The paper presents an innovative DSL that streamlines mapper generation by abstracting complex C++ APIs and reducing low-level code complexity.
LLM-driven optimization iteratively refines mapping strategies, achieving performance improvements up to 1.34x in scientific and matrix multiplication tasks.
Experimental results confirm that the automated mappers consistently match or surpass expert-designed solutions, underscoring the potential for broader AI-driven system design.

Essay: Improving Parallel Program Performance Through DSL-Driven Code Generation with LLM Optimizers

The paper presents a novel approach to optimizing parallel program performance by automating the generation of mappers through a domain-specific language (DSL) and LLM optimizers. This work addresses the complexities associated with task-based programming, where efficient mapping of computations to processors and data to memory is crucial yet labor-intensive.

Key Contributions

Domain-Specific Language (DSL) for Mapper Generation: The paper introduces a DSL that abstracts away intricate low-level C++ APIs, simplifying the code generation process for LLMs. This DSL reduces code complexity significantly, allows high-level mappings, and structures the search space for code generation.
LLM-Driven Optimization: By framing mapper generation as a discrete optimization problem, the authors leverage LLMs to explore the vast search space of potential mappings. The generated mappers are optimized iteratively using feedback from system performance evaluations.
Performance Improvements: Experimental results demonstrate that LLM-generated mappers can outperform expert-designed mappers, achieving up to 1.34x speedup in scientific applications and up to 1.31x in parallel matrix multiplication algorithms.

Methodology

The paper highlights two main challenges: generating syntactically correct mapper code and finding optimal mapping strategies. The DSL is designed to enable LLMs to effectively generate mapping code by encapsulating critical mapping decisions. These include processor selection, memory placement, data layout, and index mapping.
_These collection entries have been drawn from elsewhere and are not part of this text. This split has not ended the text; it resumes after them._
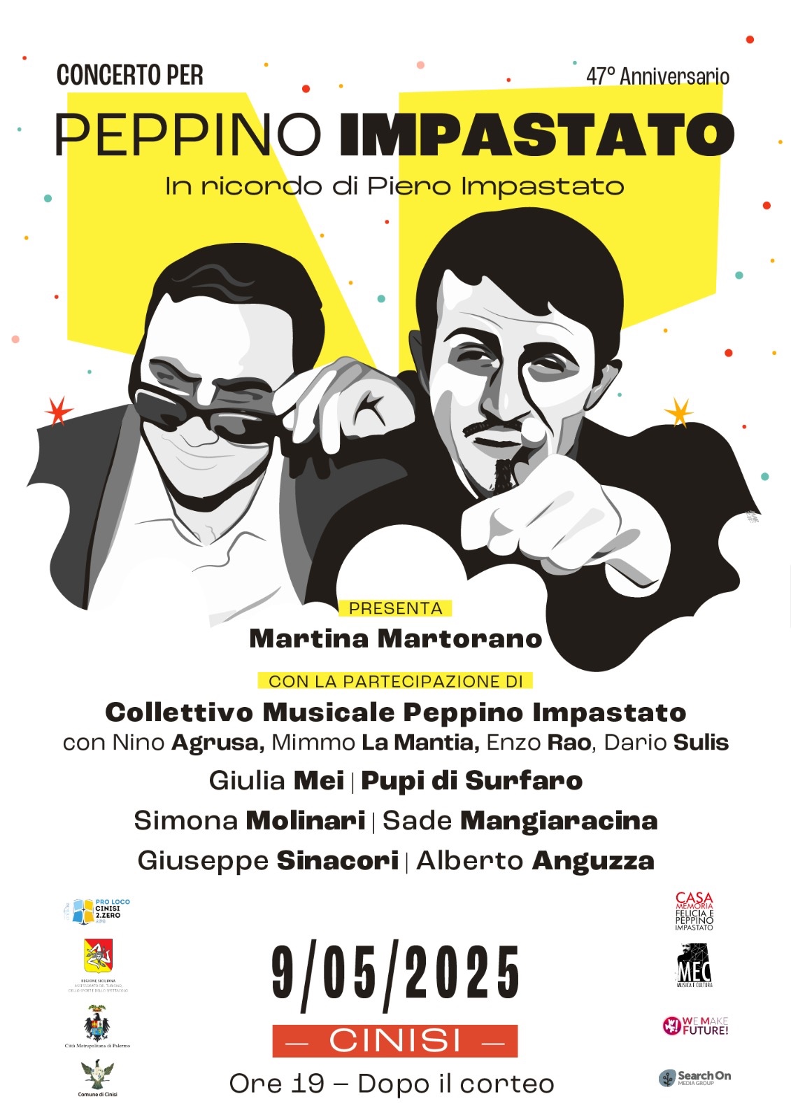 Il Concerto per Peppino si svolgerà simbolicamente accanto all’ex casa del boss Gaetano Badalamenti (Corso Umberto I), a completare il percorso dei “cento passi” che separano i luoghi della mafia da quelli della memoria. Una scelta simbolica, per ribadire con forza che oggi Cinisi è il paese di Peppino Impastato. A presentare la serata sarà Martina Martorano, conduttrice radiofonica e televisiva.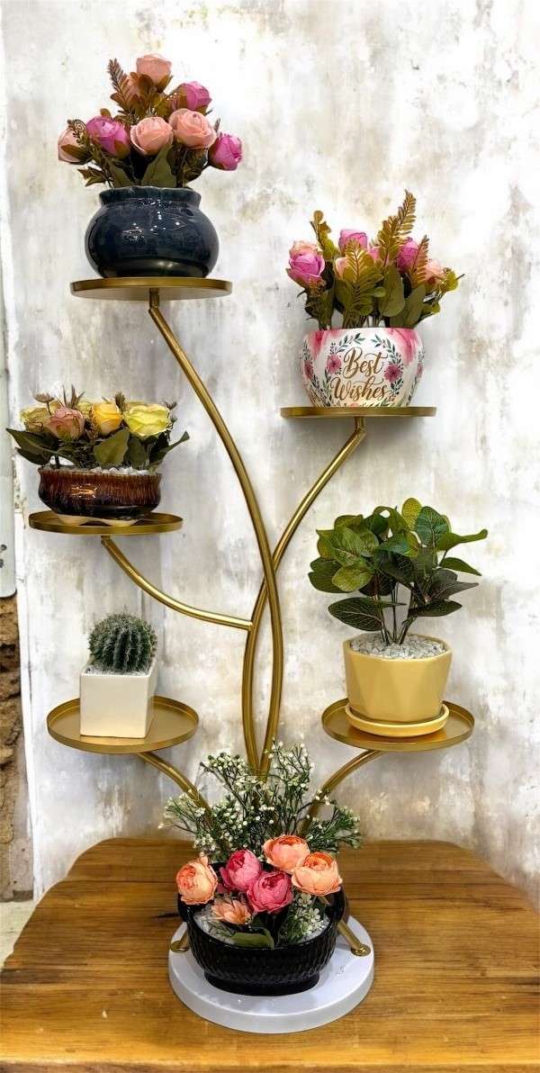 A stylish golden tree-style stand holding six unique artificial plant and flower arrangements in designer pots. Perfect for gifting or elegant indoor décor.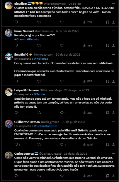 Ainda foi repercutido que outro problema seria o número de jogadores para a posição. Michael atua como ponta e para este setor, o Grêmio tem: Soteldo, Pavón, Gustavo Nunes e Nathan Fernandes.

The paper uses an agent-based system implemented with Trace, allowing feedback-driven iterative refinement of DSL mappers. This system feeds performance metrics back to the LLM optimizer, enabling the refinement of mappers under a structured search space defined by the DSL.

Experimental Validation

Experiments involved multiple applications, including circuit simulation and matrix multiplication algorithms. The DSL reduced the lines of code required from hundreds to tens, proving advantageous over traditional C++ implementations. The generated mappers consistently matched or surpassed the performance of expert mappers.

The authors also conducted an ablation paper on feedback types, reinforcing that high-quality feedback significantly guides LLM optimizers toward efficient mappers.
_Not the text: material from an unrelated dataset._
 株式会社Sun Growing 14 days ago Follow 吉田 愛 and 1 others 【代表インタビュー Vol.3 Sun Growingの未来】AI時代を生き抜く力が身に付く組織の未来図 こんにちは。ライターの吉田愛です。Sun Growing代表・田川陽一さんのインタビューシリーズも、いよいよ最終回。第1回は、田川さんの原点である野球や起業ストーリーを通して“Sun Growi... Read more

Implications and Future Work

The paper suggests that LLM-based optimization using a DSL can significantly reduce the workload of performance engineers while achieving substantial performance gains. This opens avenues for broader application of LLM optimizers in complex system design challenges beyond parallel programming, such as automatic tuning in various software systems.

Future directions could include refining the DSL for broader applicability, exploring more optimization techniques within LLM frameworks, and extending the approach to other domains that require software optimization.

Conclusion

This work advances the field by integrating DSL and LLM technologies to automate and optimize parallel program performance, demonstrating practical effectiveness in complex computational tasks. The approach not only alleviates the tediousness of manual mapper coding but also explores the potential of LLMs to automate sophisticated system-level code generation tasks, setting the stage for further innovations in AI-driven system design.